Work instruction:
Without the pictures, set down exactly the lines from the one that contains "The 117 metre" to the end of the entries, both included, and nothing besides.

(Stored items from a collection)
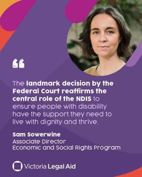 This case may have implications for people who have been found ineligible for the NDIS because they access other systems as well, like accident and injury compensation schemes and schemes that provide smaller amounts of funding. Associate Director Sam Sowerwine said in a Victoria Legal Aid press release; “People with disability already experience a range of barriers to living with dignity in the community. They should not face the burden of having to show that all of their support needs cannot be met by other services just to access the NDIS, particularly when available services might also depend on location, can change over time or be cut in the future”.
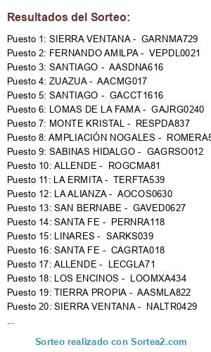 Resultados del sorteo:
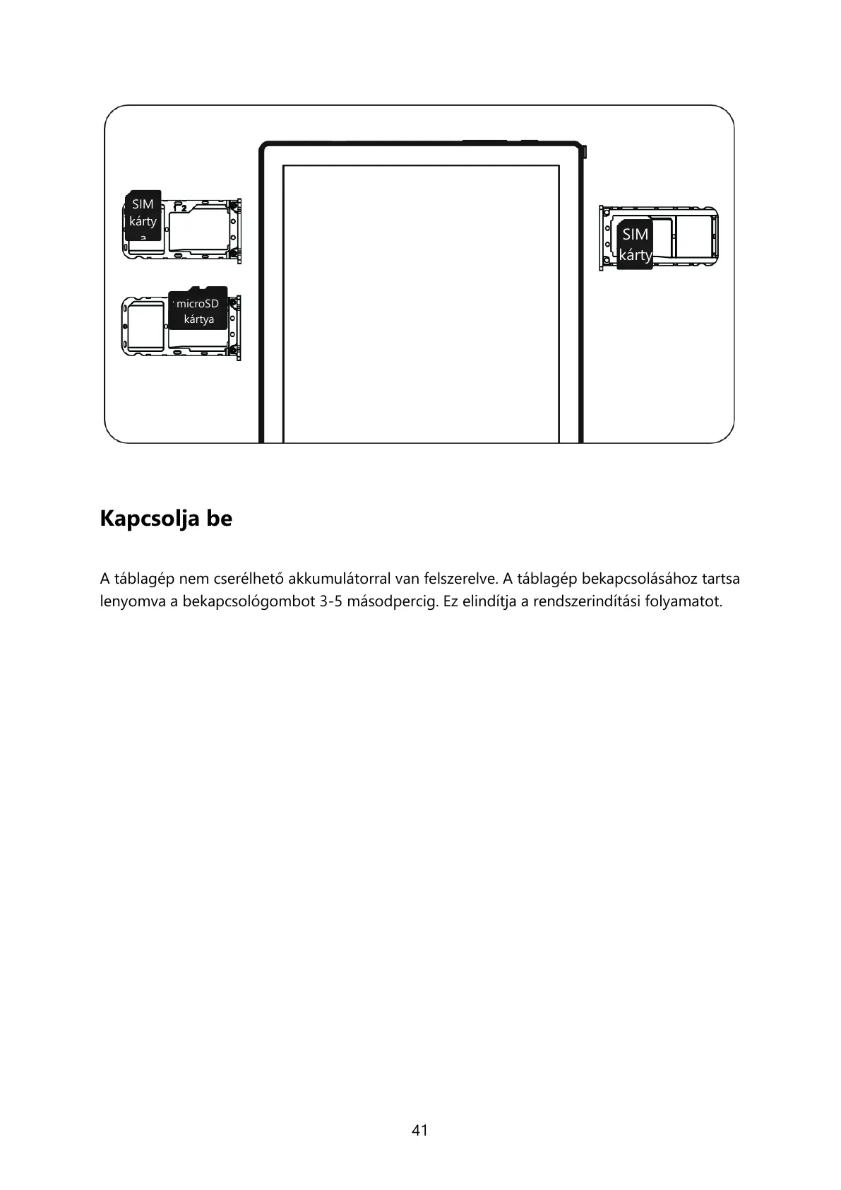 A táblagép nem cserélhető akkumulátorral van felszerelve. A táblagép bekapcsolásához tartsa
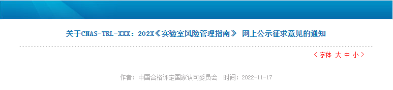 中國合格評定國家認(rèn)可中心(CNAS)組織編制了技術(shù)報(bào)告《實(shí)驗(yàn)室風(fēng)險(xiǎn)管理指南》。目前已完成文件征求意見稿,現(xiàn)于網(wǎng)上公示征求意見。
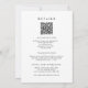 Este convite de casamento minimalista em preto e branco apresenta um layout formal atemporal com a redação do convite na frente e os detalhes do evento no verso. Um código QR moderno no verso permite que os convidados façam o RSVP online facilmente, mantendo o seu conjunto elegante e sem bagunça. Perfeito para casamentos de gala, locais elegantes e casais que amam um design sofisticado e limpo com um toque contemporâneo.
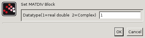 Il indique le type de la sortie. Il supporte seulement les types double (1) et complexe (2). Si on entre une autre valeur dans ce paramètre, Xcos affiche le message "Datatype is not supported".
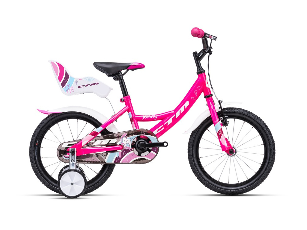 CTM Jenny je 16 palcové dívčí kolo pro děti s výškou postavy od 100 do 120 cm. Standardně je dodáváno s balančními kolečky, plastovými blatníčky a bezpečnostním krytem řetězu. Mladé slečny jistě ocení i sedátko pro panenky.
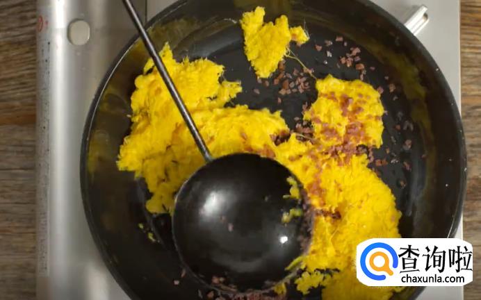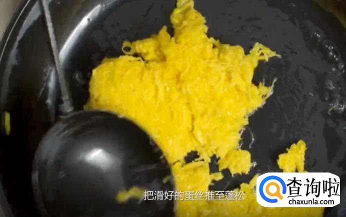 接下来,利用平底锅的余温,把滑好的蛋丝推至蓬松,再倒入火腿,炒一下。
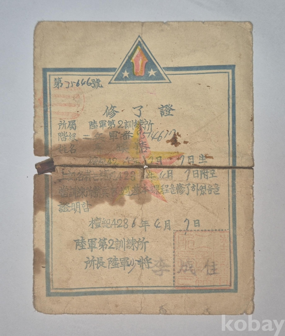 1953년 육군 제2훈련소에서 발행한 군사 교육 수료증입니다.
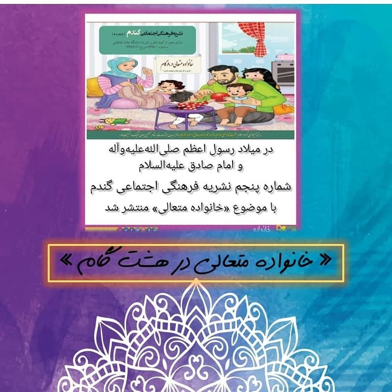 توصیه ما به شما والدین عزیز و گرامی این است که شماره پنجم نشریه فرهنگی اجتماعی گندم با محوریت خانواده که در میلاد پیامبر اکرم صلیاللهعلیهوآله و امام جعفر صادق علیهالسلام با موضوع خانواده متعالی در ۸ گام منتشر شد را حتما مطالعه بفرمایید. ا  وظایف همسری متقابل  نحوه ارتباط پدر با فرزندان  نحوه ارتباط مادر با فرزندان  مادر الگوی صبر  پدر الگوی اقتدار  وظیفه تربیتی والدین در قبال کودکان این مجله را میتوانید از اینترنت دانلود بفرمایید و یا درصورت تمایل دایرکت پیام دهید تا pdf آن براتون ارسال شود. #تربیت_اسلامی#کودک#خانواده_متعالی#مجله_گندم#روابط_موثر#پدر_کودک#مادر_کودک#خانواده
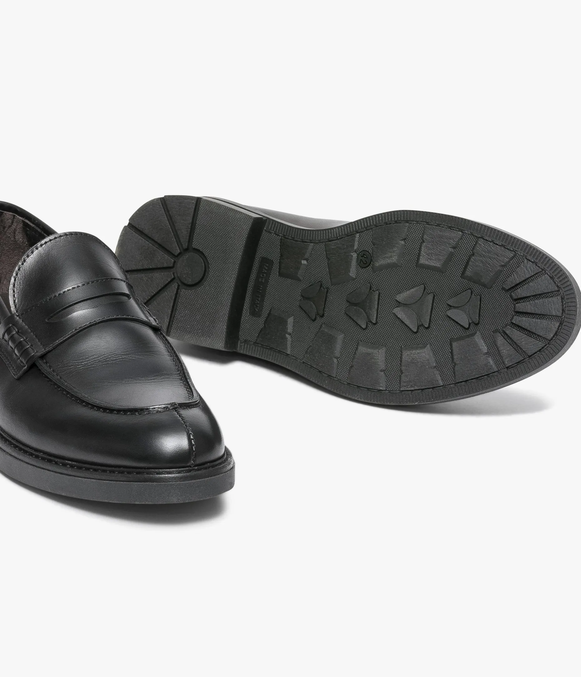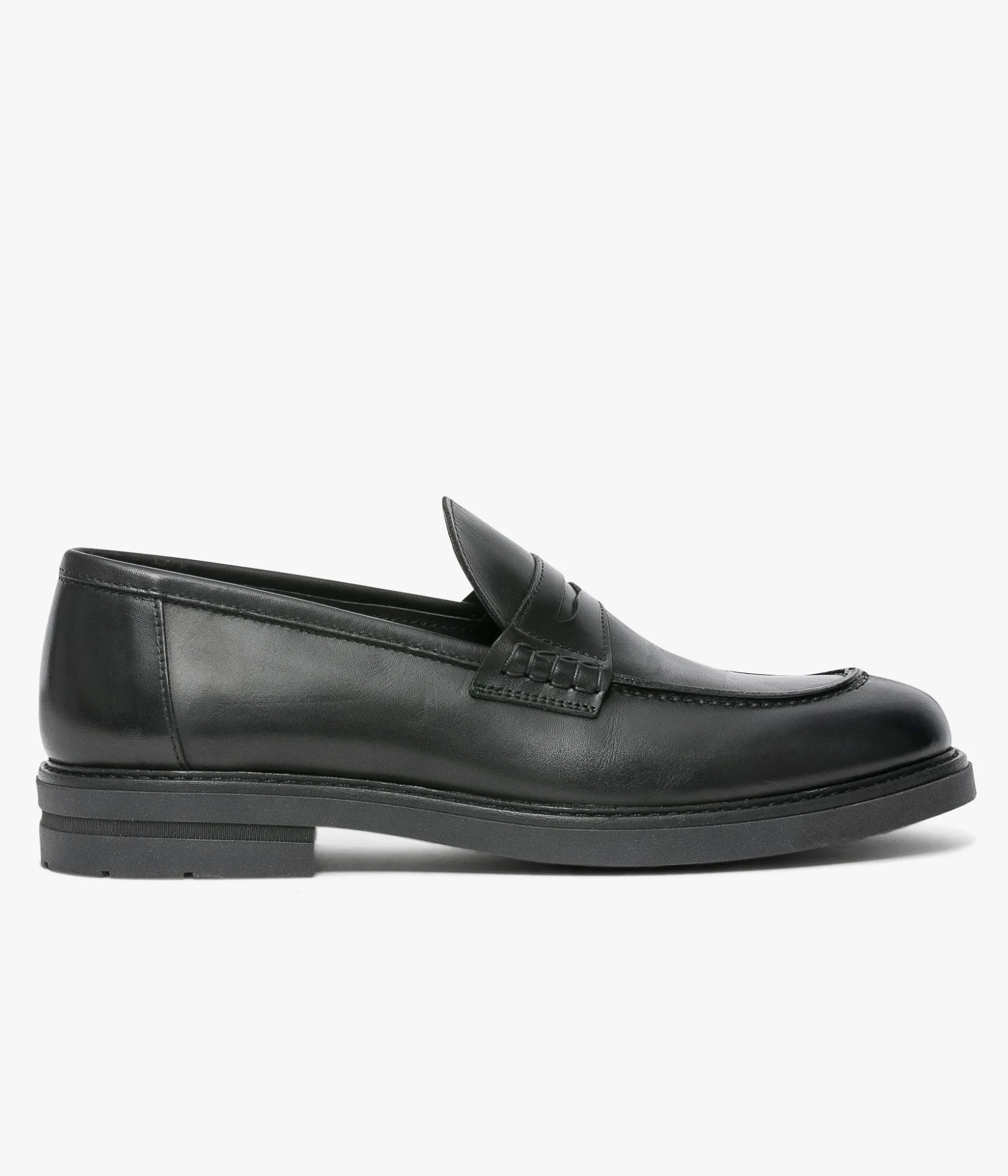 Un mocassin noir en cuir lisse fabriqué avec soin dans notre atelier en Italie. Une chaussure masculine au look indémodable avec surpiqure en relief sur le dessus et bandeau perforé avec points sellier. Ce mocassin repose sur une épaisse semelle légère avec trépointe piquée, qui lui donne une allure contemporaine et décontractée. Une chaussure entièrement doublée cuir avec semelle intérieure cuir dotée d’une fine mousse.
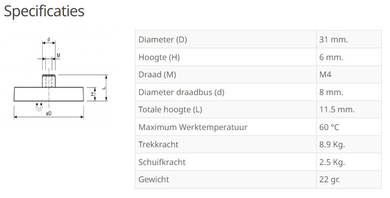 Neodymium magneetsysteem rubber draadgat Ø 31 mm
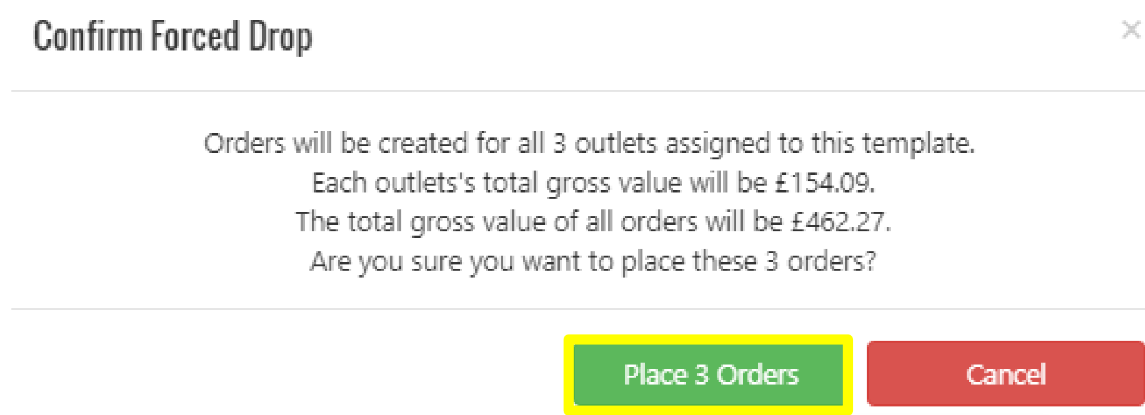 5. The below message will be displayed where in this example it reads Place 3 Orders
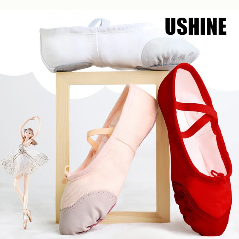 Плоские тапочки USHINE для йоги, спортзала, белые, розовые, белые, черные парусиновые балетные танцевальные туфли для девочек, детей, женщин, учителя, балерины
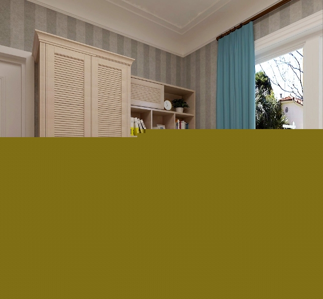 木紋的衣柜書桌跟藍色的窗簾凸顯了整個倫敦小鎮(zhèn)的風格
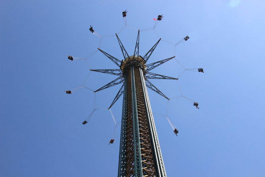 The 117 metre high Prater Trum chain carousel. There are people up there!
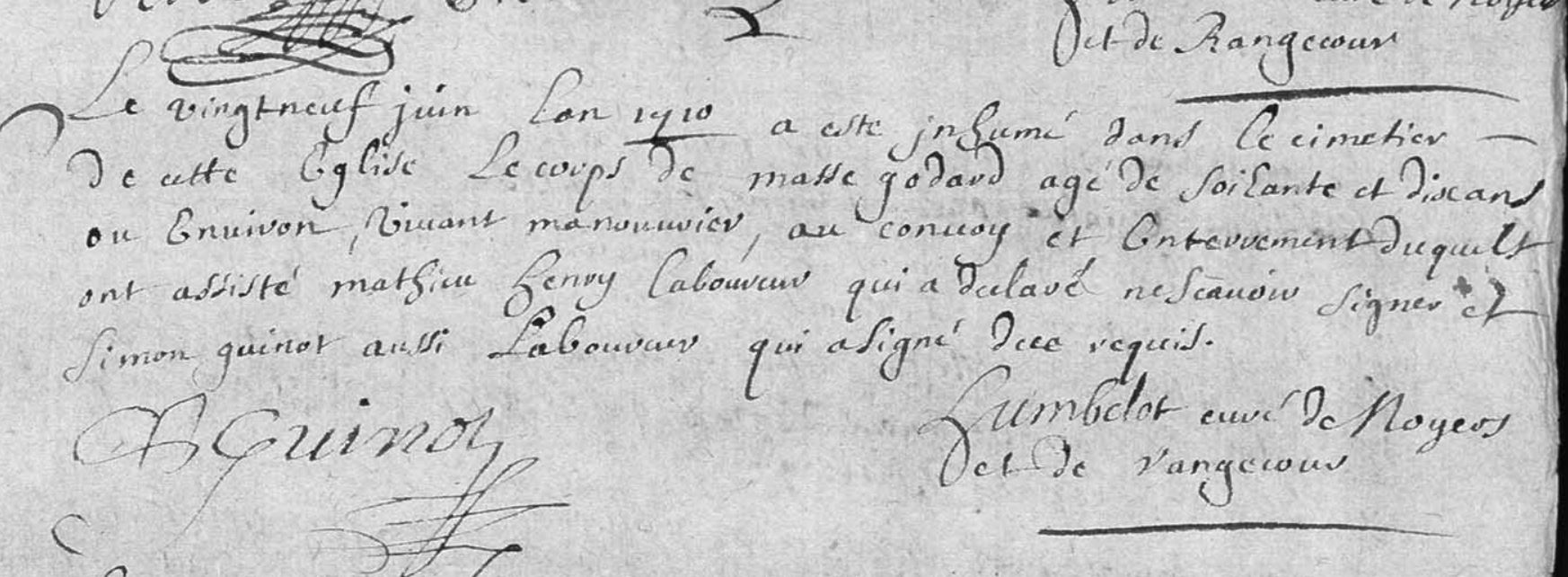 le vingt neuf juin l'an 1710 a este inhumé dans le cimetiere

Response to this task:
 The 117 metre high Prater Trum chain carousel. There are people up there!
 le vingt neuf juin l'an 1710 a este inhumé dans le cimetiere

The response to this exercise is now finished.